◆ PROBLEM DESCRIPTION
Which lines run from the one with "Бассейн расположен на" through the end of the data? Retype them exactly, without pictures.

◆ AVAILABLE DATA
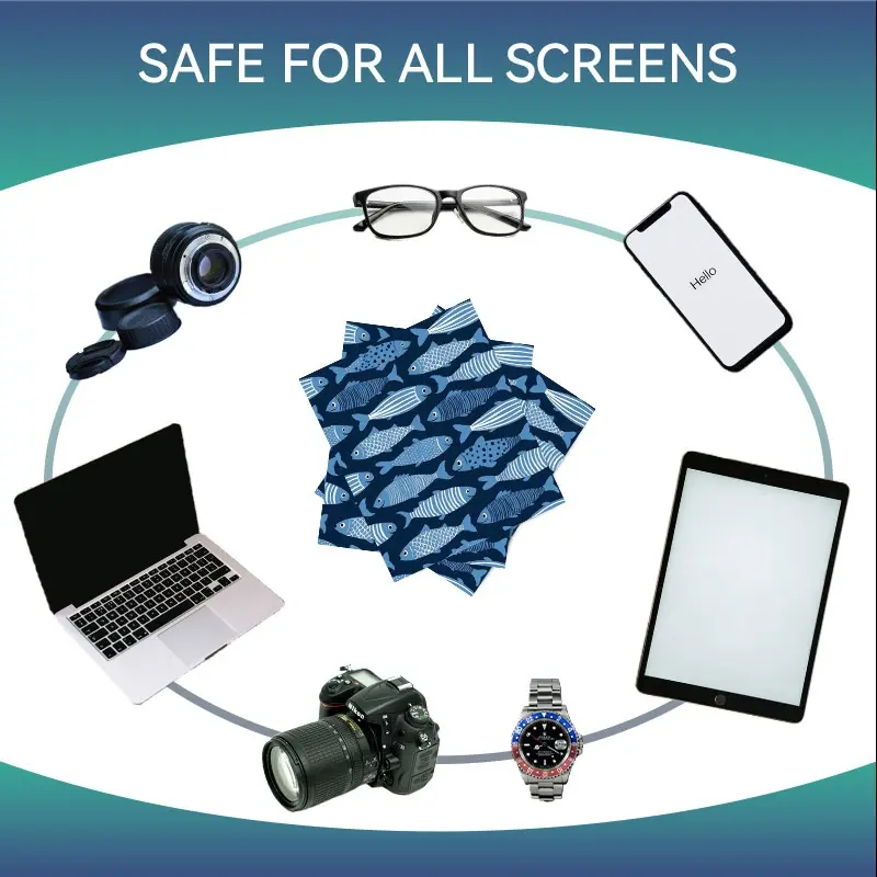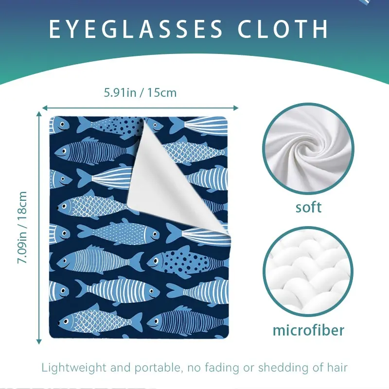 1/3/6/14pcs Blue Fish Pattern Cleaning Cloth, Multi - Specs Single - Side, For Camera/Glasses Lenses, Home & Photography Use, Soft Microfiber Material, Efficient Cleaning, Decorative Design
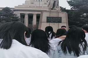 缅怀革命先烈,弘扬白求恩精神,清明节, 第一会所 医学部各学院学生会代表,在诺尔曼.白求恩雕像前开展了清明祭扫献花活动。活动由新民校区学生会代表主持,整个活动进行得庄严肃穆,井然有序。
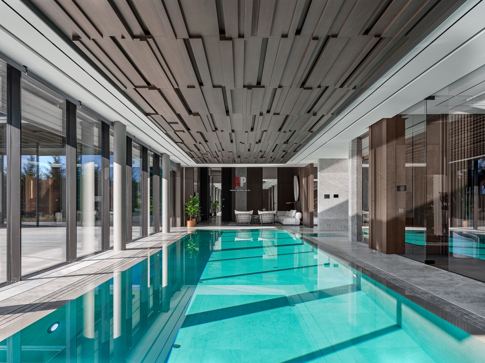 Бассейн расположен на первом этаже и имеет остеклен окнами в пол. Потолок оформлен деревянными структурными панелями
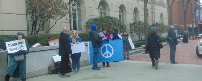Video, starting with crowd lined up and continuing with part of speech by Melissa Berkey-Girard of Community Peacemaker Teams.

◆ EXERCISE SOLUTION
 Бассейн расположен на первом этаже и имеет остеклен окнами в пол. Потолок оформлен деревянными структурными панелями
Video, starting with crowd lined up and continuing with part of speech by Melissa Berkey-Girard of Community Peacemaker Teams.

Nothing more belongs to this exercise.